Figure 5 presents the average yearly concentration of SO2 in different metro areas from 2019 to 2022, while Fig. 6 illustrates the monthly variation of SO2 pollution levels in metro cities over multiple years. The graph shows that COVID-19 reduced SO2 pollution in all cities in 2020 and 2021. There was a significant decline of 27.50% in SO2 concentrations in 2020 compared to 2019. Air quality improved temporarily under pandemic restrictions, causing this reduction. Similar temporary reductions in SO2 concentrations due to the COVID-19 lockdown have also been reported in other studies2,31. After the first drop, the graph shows pollution rising in stages. The return to pre-pandemic emission levels and economic activity may explain this increase. The graph shows the months with the lowest and highest SO2 concentrations from 2019 to 2022. The lowest pollution concentration over Hyderabad was 4.8 × 10–5 mol/m2 in September 2020. The highest concentration of 3.6 × 10–4 mol/m2 over Kolkata was in October 2022, signifying increased pollution.

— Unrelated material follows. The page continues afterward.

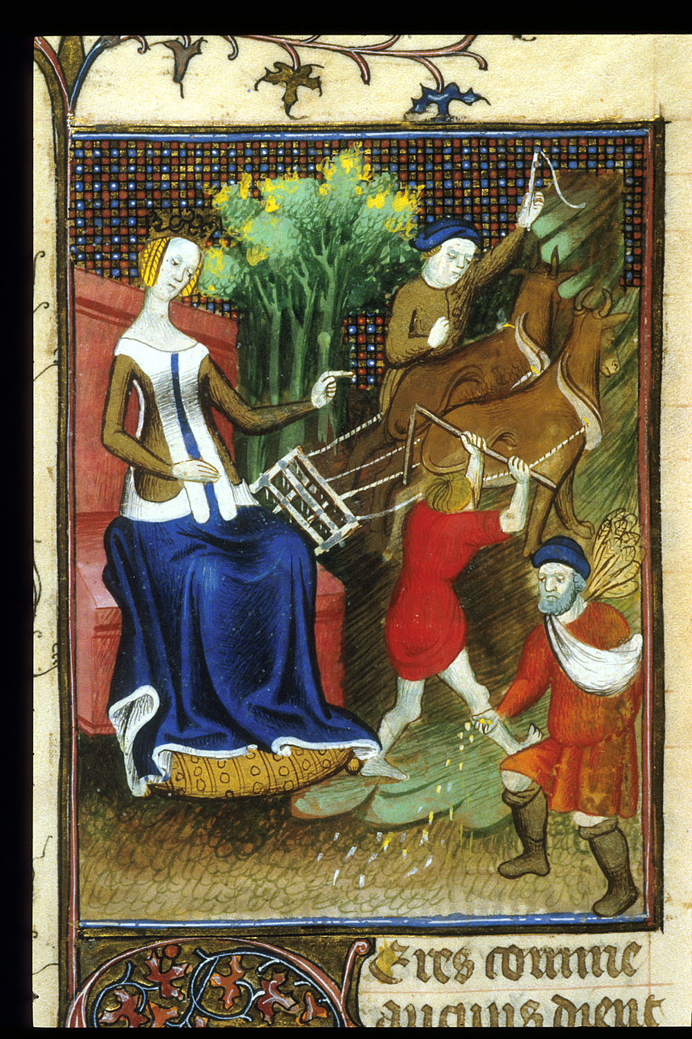 Londra, British Library, Royal 20 C V, f. 13r. Cerere insegna a tre contadini ad arare, seminare e trebbiare.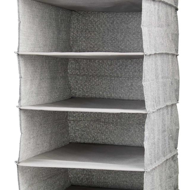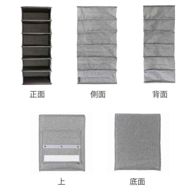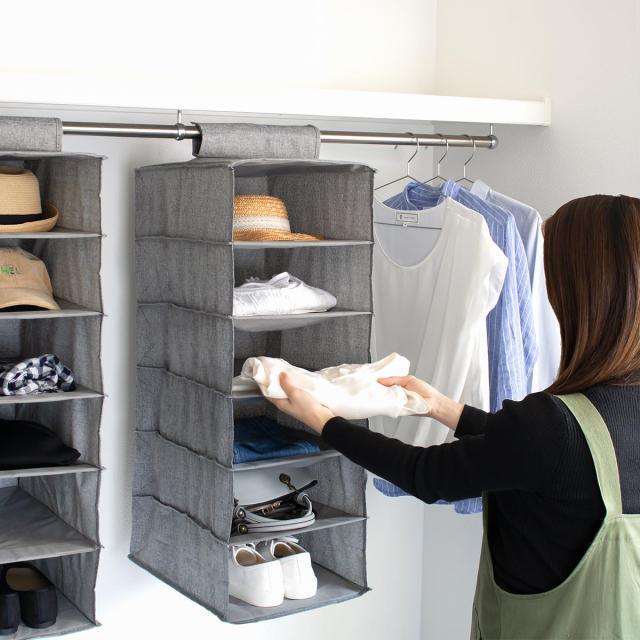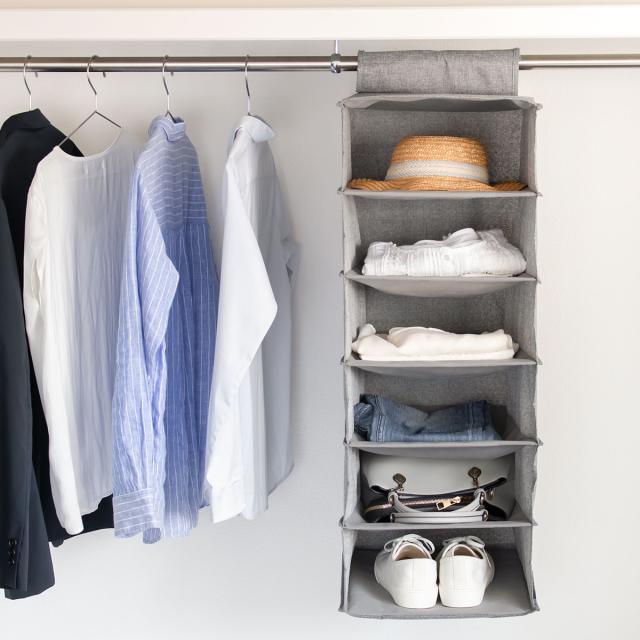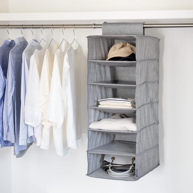 クローゼットやパイプハンガーに簡単に取り付けできる布製ハンギングラックです。ごちゃごちゃしがちなクローゼット内の小物をスッキリと収納できて、見た目もキレイに整理することができます。

However, it is important to note that overall pollution levels have been increasing from 2019 to 2022. Nevertheless, following the initial decline, the graph shows a steady rise in pollution levels. This rise in emissions can be attributed to the resumption of economic activities and a return to pre-pandemic emission levels.

Fig. 5
figure 5

The box plots for SO2 concentrations in five metro cities in India.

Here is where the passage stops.